Natural products are the most historically significant source of compounds for drug development. However, unacceptably high rates of compound rediscovery associated with large-scale screening of common microbial producers have resulted in the abandonment of many natural product drug discovery efforts, despite the increasing prevalence of clinically problematic antibiotic resistance. Screening of underexplored taxa represents one strategy to avoid rediscovery. Herein we report the discovery, isolation, and structural elucidation of streptomonomicin (STM), an antibiotic lasso peptide from Streptomonospora alba, and report the genome for its producing organism. STM-resistant clones of Bacillus anthracis harbor mutations to walR, the gene encoding a response regulator for the only known widely distributed and essential two-component signal transduction system in Firmicutes. To the best of our knowledge, Streptomonospora had been hitherto biosynthetically and genetically uncharacterized, with STM being the first reported compound from the genus. Our results demonstrate that understudied microbes remain fruitful reservoirs for the rapid discovery of novel, bioactive natural products.

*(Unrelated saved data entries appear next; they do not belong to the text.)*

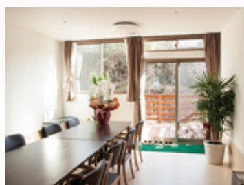
ウッドデッキを備えた1階の食堂
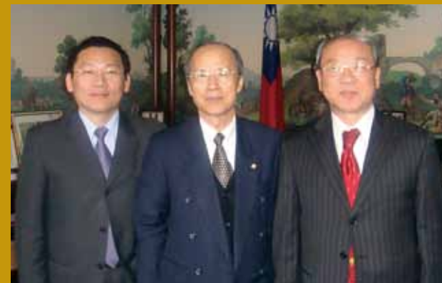
民國98年4月與駐法國呂慶龍大使合影（左一）。
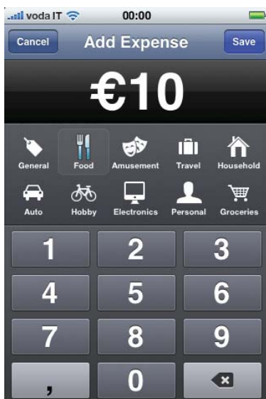
Figura 3: la schermata Add Expense per registrare le proprie spese

Quando effettuate una spesa e volete registrarla su Pennies, non dovete fare altro che toccare il pulsante add expense , che vi mostrerà la schermata visibile in figura 3. Con il tastierino numerico inserite la cifra che avete speso e nella parte centrale dello schermo selezionate la categoria che preferite tra: General (spese generali), Food (Mangare), Amusement (divertimenti), Travel (viaggi), Household (famiglia), Auto (automobile), Hobby , Electronics (Elettronica), Personal (spese personali) e Groceries (Supermercato e spese per la casa), ognuna di queste categorie è contraddistinta da una piccola icona che vi aiuterà visivamente a scegliere quella più corretta. In fine toccate il pulsante Save per registrare la vostra spesa.
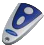
Handsender Mini-Novotron 502 2-Kanal, 433 MHz, Keeloq-Wechselcode

Hier finden Sie eine Auswahl an Novoferm Zubehör für Ihre Wunschausstattung:
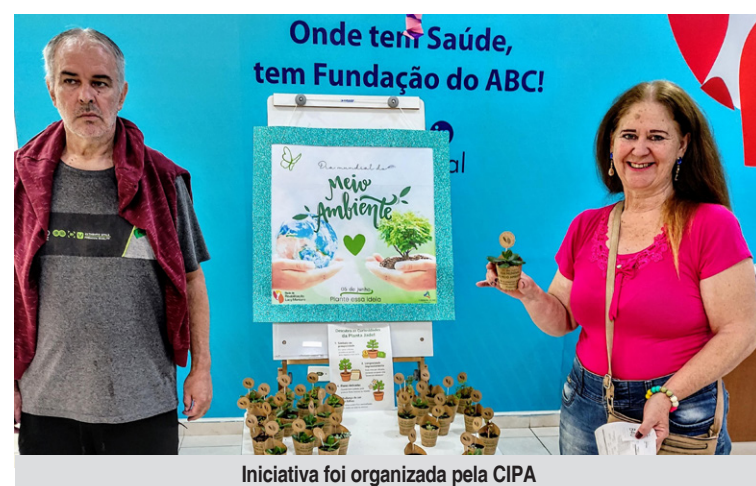
Iniciativa foi organizada pela CIPA

A escolha das espécies frutíferas não foi casual, uma vez que estas árvores contribuirão futuramente para a criação de um ambiente mais verde e produtivo dentro do centro de reabilitação, além de oferecer benefícios terapêuticos aos pacientes através do contato direto com a natureza.
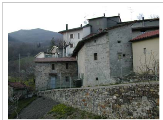
UNITA' EDILIZIA NR. 7
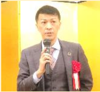
ご来賓挨拶 株式会社マツモトキョシ 取締役 店舗運営本部ドラッグストア 事業部長
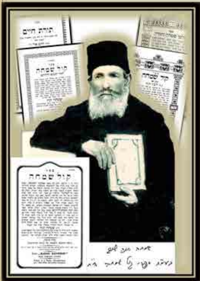
תמונת רבי שמחה יונה האלף זצ"ל, חתמוני ופולק משפטי ספריו שנדפסו בזמנותיהם בתקופות שונות בעת כהונתו ברבנות ואלאנטירין

"קול שמחה" חלק א' - אבוקה לשחיטה; דרך סלולה וקצרה בכל דיני שחיטה לנסות את עצמו בדרך שאלה ותשובה בשעה קלה אם משנתו בפיו שגורה. "קול שמחה" חלק ב' - נר לבדיקה; יאיר נתיב לחזור בו על כל דיני טריפות הריאה בדרך שואל ומשיב, וכן דינים משארי דיני טריפות השכיחים, וגם עיקרי דיני טריפות עצמות.
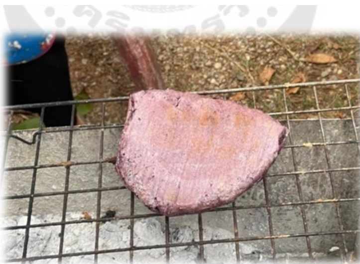
ภาพประกอบ 28 ข้าวปุกหรือห้วย
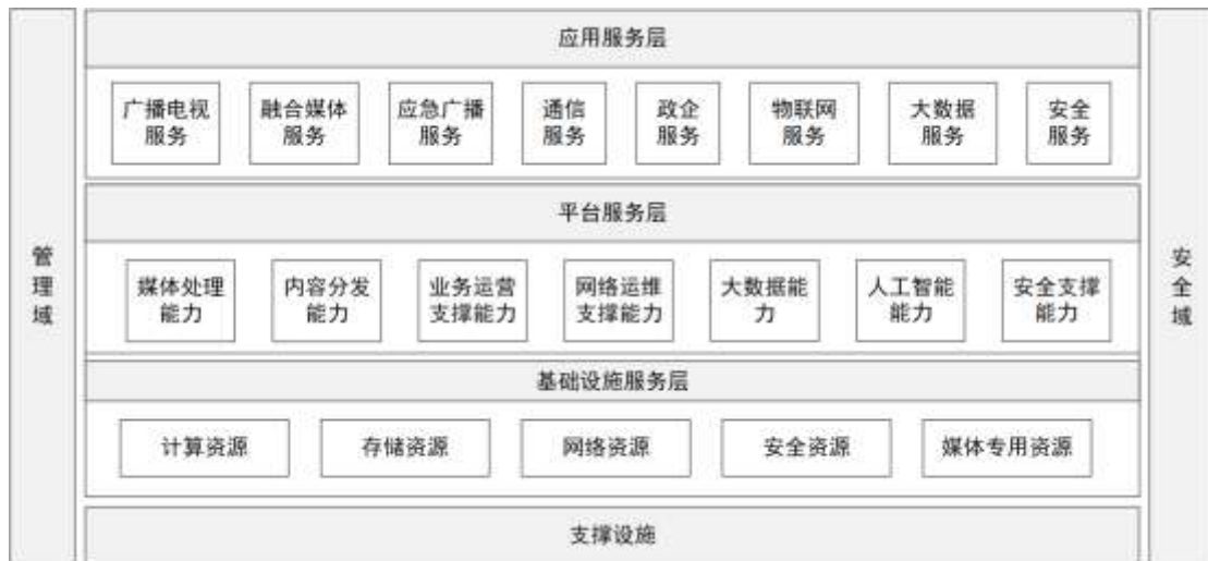
图 2 智慧广电有线网络服务云技术架构示意图

应用服务层可以对平台服务层各项能力协同管理和调用，将涉及的各类应用服务提供给对应的用户。
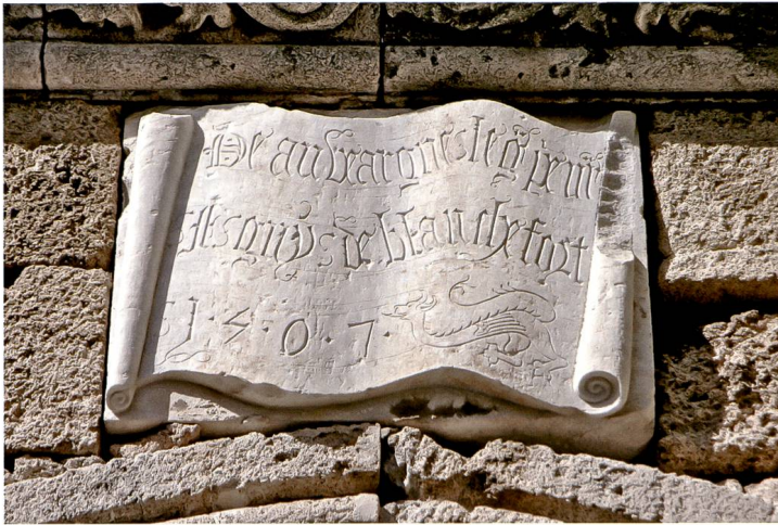
Fig. 4 Le marbre de la porte de l'auberge d'Auvergne et le phylactère donnant la date de 1507.
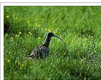
Vad är detta för fågel? Vi vill även ha det latinska namnet
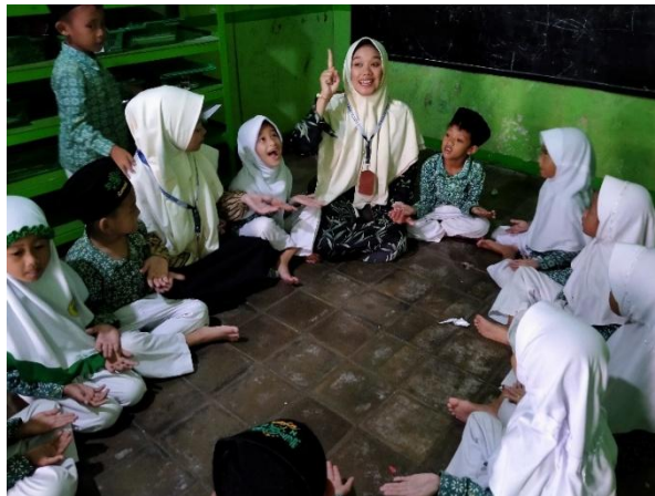
Gambar 4: Dokumentasi pembelajaran lagu Bahasa Arab

Dalam pengajaran lagu bahasa Arab, tim pengabdian menyanyikan setiap bait lagu sebanyak lima kali atau lebih, sambil menggunakan gerakan untuk membantu pemahaman. Setelah itu, anak-anak TK Muslimat NU Nawa Kartika XIX diminta mengikuti dan mengulanginya berkali-kali hingga lagu tersebut melekat dalam ingatan mereka. Proses ini terus dilakukan hingga seluruh bait lagu selesai.
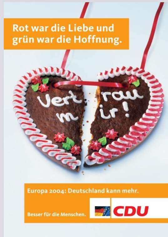
Abbildung 1: Wahlplakat der CDU aus dem Europawahlkampf 2004 (CDU Bundesverband).
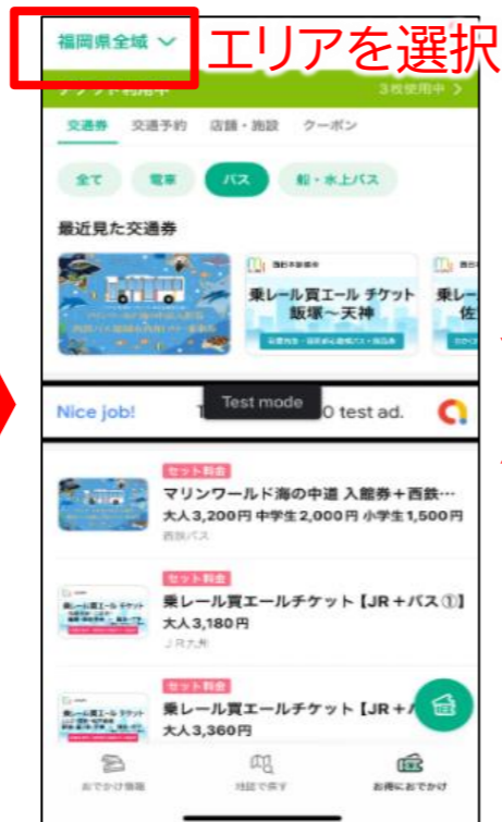
⑥「購入を確定」をタップ
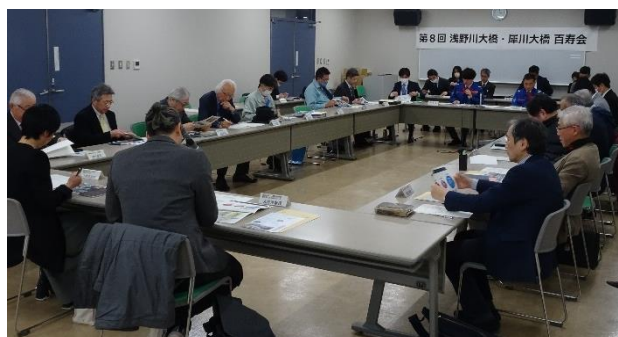
【第8回百寿会の様子】
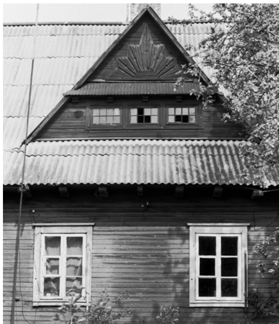
Мал. 5. Двухкватэрны дом у Глыбокім. Арх. праф. Ю. Клос. Агульны выгляд.

Ганкі, запраектаваныя ім ў дамах на дзве сям'і ў пасёлках Браслава, Глыбокага і Беразвечча, былі аздобленыя фігурнымі слупамі з падкосамі, прапільнымі агароджамі. На жаль, большасць з іх была ператворана ў веранды і згубіла першапачатковы выгляд. Знікаюць і арыгінальныя дэкаратыўныя ўпрыгожванні на франтонах у выглядзе сонечных промнеў (мал. 5), якія паўтараюць “закапанскі” стыль, прапагандаваны яшчэ перад вайной польскім мастаком і архітэктарам С. Віткевічам. Пры больш пільным даследаванні беларускай народнай архітэктуры становіцца відавочным, што такі дэкор быў шырока распаўсюджаны і тут, а стылізацыя пад дэкор з рэгіёна польскіх Татр толькі дадала моднага на той час каларыту.
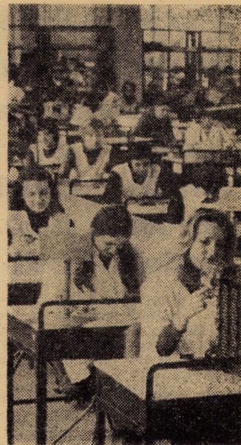
Aspect din secția montaj a întreprinderii de relej Mediaș

În cazul plăcuțelor cu numere de înmatriculare de material plastic sau a celor necorespunzătoare, unitățile deținătoare vor asigura confecționarea acestora din tablă, conform noului model.
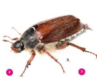
2 Melolontha melolontha Il comune maggiolino, 25-30 mm, non possiede ciuffi bianchi.
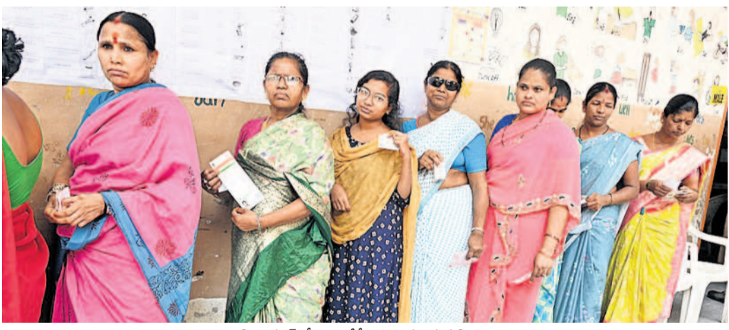
ఫిలింగ్ లో ఓటు వేసేందుకు వచ్చిన మహిళలు
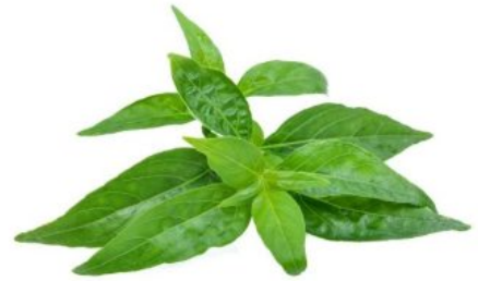
ฟ้าทะลายโจร

มีการแชร์กันว่า การนำกระชายมาสกัดร้อน สกัดเย็น จะทำให้ไม่ป่วยจากโควิด-19 ไม่ว่าจะเดินทางไปไหนที่ไหนตาม เรื่องนี้เป็นอย่างไร?

Structural and functional insight into an unexpectedly selective N-methyltransferase involved in plantazolicin biosynthesis.

Plantazolicin (PZN), a polyheterocyclic, N(α),N(α)-dimethylarginine-containing antibiotic, harbors remarkably specific bactericidal activity toward strains of Bacillus anthracis, the causative agent of anthrax. Previous studies demonstrated that genetic deletion of the S-adenosyl-L-methionine-dependent methyltransferase from the PZN biosynthetic gene cluster results in the formation of desmethylPZN, which is devoid of antibiotic activity. Here we describe the in vitro reconstitution, mutational analysis, and X-ray crystallographic structure of the PZN methyltransferase. Unlike all other known small molecule methyltransferases, which act upon diverse substrates in vitro, the PZN methyltransferase is uncharacteristically limited in substrate scope and functions only on desmethylPZN and close derivatives. The crystal structures of two related PZN methyltransferases, solved to 1.75 Å (Bacillus amyloliquefaciens) and 2.0 Å (Bacillus pumilus), reveal a deep, narrow cavity, putatively functioning as the binding site for desmethylPZN. The narrowness of this cavity provides a framework for understanding the molecular basis of the extreme substrate selectivity. Analysis of a panel of point mutations to the methyltransferase from B. amyloliquefaciens allowed the identification of residues of structural and catalytic importance. These findings further our understanding of one set of orthologous enzymes involved in thiazole/oxazole-modified microcin biosynthesis, a rapidly growing sector of natural products research.